Она ещё что-то говорила: про погоду, про политику, про успеваемость детей в школе, но Че её уже не слышал. Глаза его закрывались, и он снова наблюдал закат двух солнц и восход щербатой луны.

Он чуть не захлебнулся в водах бескрайнего океана. Чудовищная рыба поглотила его и вынесла на каменистый берег. Осмотревшись, Че понял, что это был остров, посреди которого плескалось озеро. На озере покачивался ещё один остров. Он казался бы совершенно пустынным, если бы не огромное дерево и не груды человеческих костей, устилающих его подножие. Чей-то голос сказал Че:

— Раз в году в ветвях этого дерева гнездится трёхногий ворон с жёлтыми глазами и железными когтями.

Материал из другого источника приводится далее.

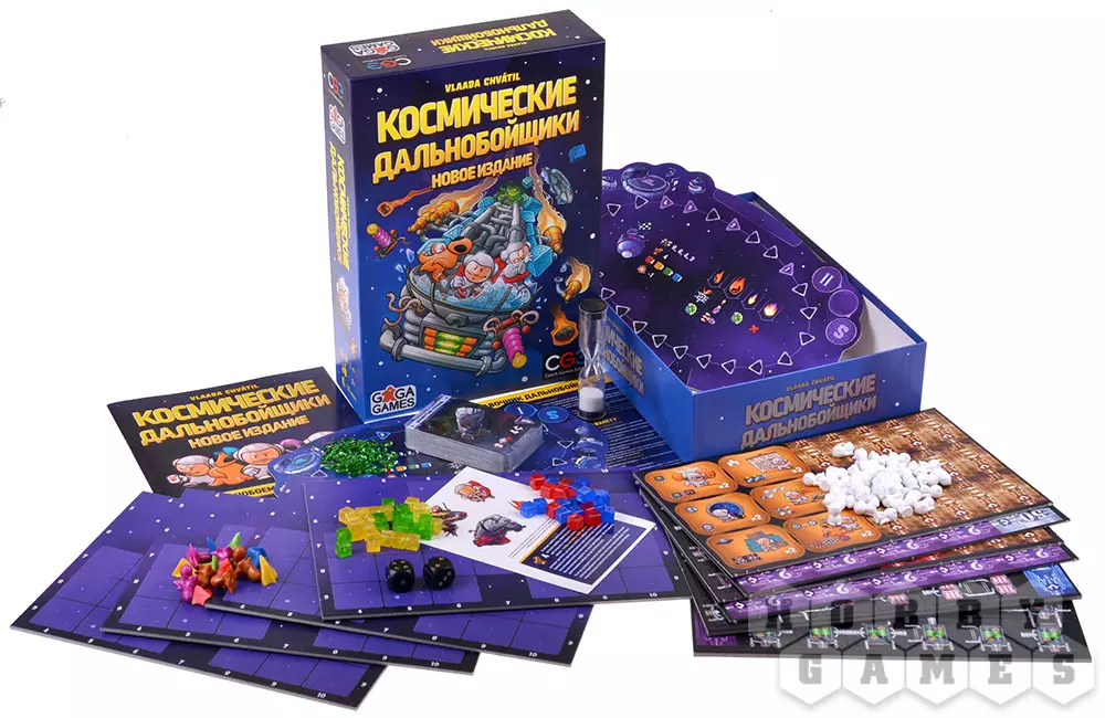 В настольной игре "Космические дальнобойщики" вам предстоит отправиться в путешествия по просторам бескрайней вселенной: мотаться из одной системы в другую, доставлять всякое разное, ну и, конечно же, зарабатывать денежки! Но прежде чем отправиться в полёт, вы должны построить свой собственный космический корабль. Деталей целая куча, причём буквально! Но чтобы собрать что-то стоящее, придётся немного покопаться: не всякая деталь сгодится для сборки, так ещё и конкуренты расхватывают нужные детали... Короче, поторопитесь и будьте готовы ко всему.

Че обернулся, чтобы увидеть, кто с ним говорит, и заметил мышь, выползающую из его правого уха. В этот же миг он очутился на дереве, висящем, как созревший плод. Все ветви дерева были увешаны такими плодами. Они колыхались при малейшем дуновении ветра, сталкивались друг с другом и стонали.

Внезапно появился трёхлапый ворон. Он рассёк клювом грудь Че и, взяв за ноги, выпотрошил из кожи все его кости…

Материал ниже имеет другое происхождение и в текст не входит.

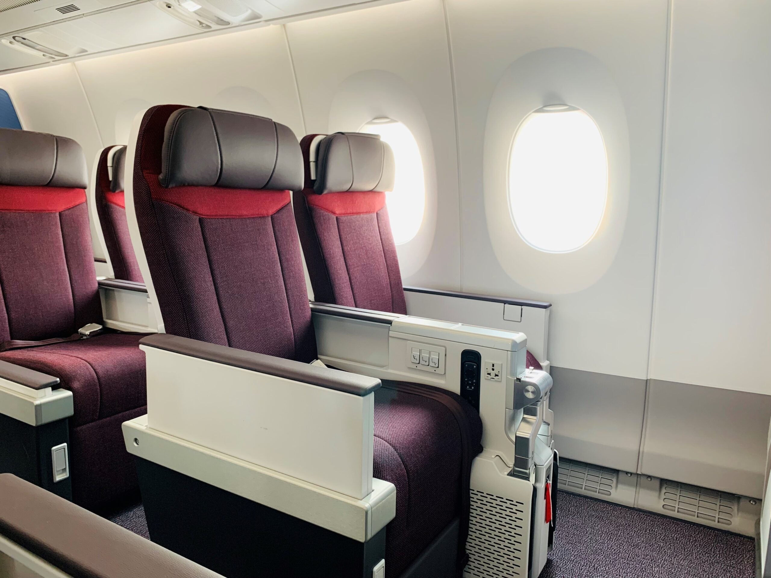 In many ways, these premium economy seats resemble domestic first-class recliners. They also offer winged headrests, a leg rest and large 13.3-inch high-definition touchscreen TVs.

Че пришёл в себя и ощутил нестерпимую боль во всём теле. В углу комнаты он заметил свою жену. Её глаза были полны слез. Она разговаривала с врачом, который всё время пожимал плечами. Из их разговора Че стало понятно, что он тяжело болен. Женщина говорила врачу, что вчера ночью она сняла Че с дерева, в ветвях которого тот сидел совершенно голый напротив зоомагазина.

— Ночи сейчас холодные, — сказал врач, — переохлаждение может сказаться на его общем состоянии. Да, и самое главное: вы нашли его одежду?

— Нет. На его теле стали проступать странные татуировки.

— Это могут быть пигментные пятна, — возразил врач. Че снова услышал удары бубна и его стало корчить в судорогах. Мысли его вновь потекли по неведомым тропам сна.

Вот он снова на берегу Мирового океана. Вдали Че увидел огромную белую гору, но когда приблизился к ней, понял, что это женщина в рыбьей чешуе, наполовину погруженная в воду. Она казалась мёртвой, и её неподвижные глаза напоминали плохо вымытые окна. Че заглянул в них и увидел, что внутри полно духов, которые пляшут и пьют чай из самовара. Внезапно женщина зевнула и втянула в себя растерявшегося Че. Внутри было темно и тихо, но стоило Че обернуться, как пространство тускло осветилось. На пригорке сидела мышь и играла на варгане[1], издающем мрачный жужжащий звук. За ней показались три отверстия в земле, из которых валил едкий дым.

— В эти норы ты должен заглянуть, — не переставая играть, сказала мышь, — но помни, что тамошние обитатели постоянно поедают друг друга.

Че зашёл в первую нору. Там его жестоко запеленали и. положив в железную колыбель, принялись раскачивать. Сначала медленно, затем всё быстрее и быстрее, пока от усилия не порвались верёвки.

Во второй норе Че встретил трёх женщин, покрытых оленьей шерстью. На головах у них ветвились железные рога, на которых гнездились птицы. Одна женщина подошла к Че и сразу же отрезала ему голову. Из раны хлынула кровь. В её потоках можно было различить мелких рыбёшек чёрного цвета. Кровь почти было затопила нору, как появился человек, похожий на медведя. Он сказал:

— Он мой! Дайте его мне, я хочу его обнять!

И он так сжал Че в своих объятиях, что затрещали кости. Затем человек-медведь взял иглу величиной с палку и стал протыкать свою жертву насквозь, пересчитывая все суставы и части тела.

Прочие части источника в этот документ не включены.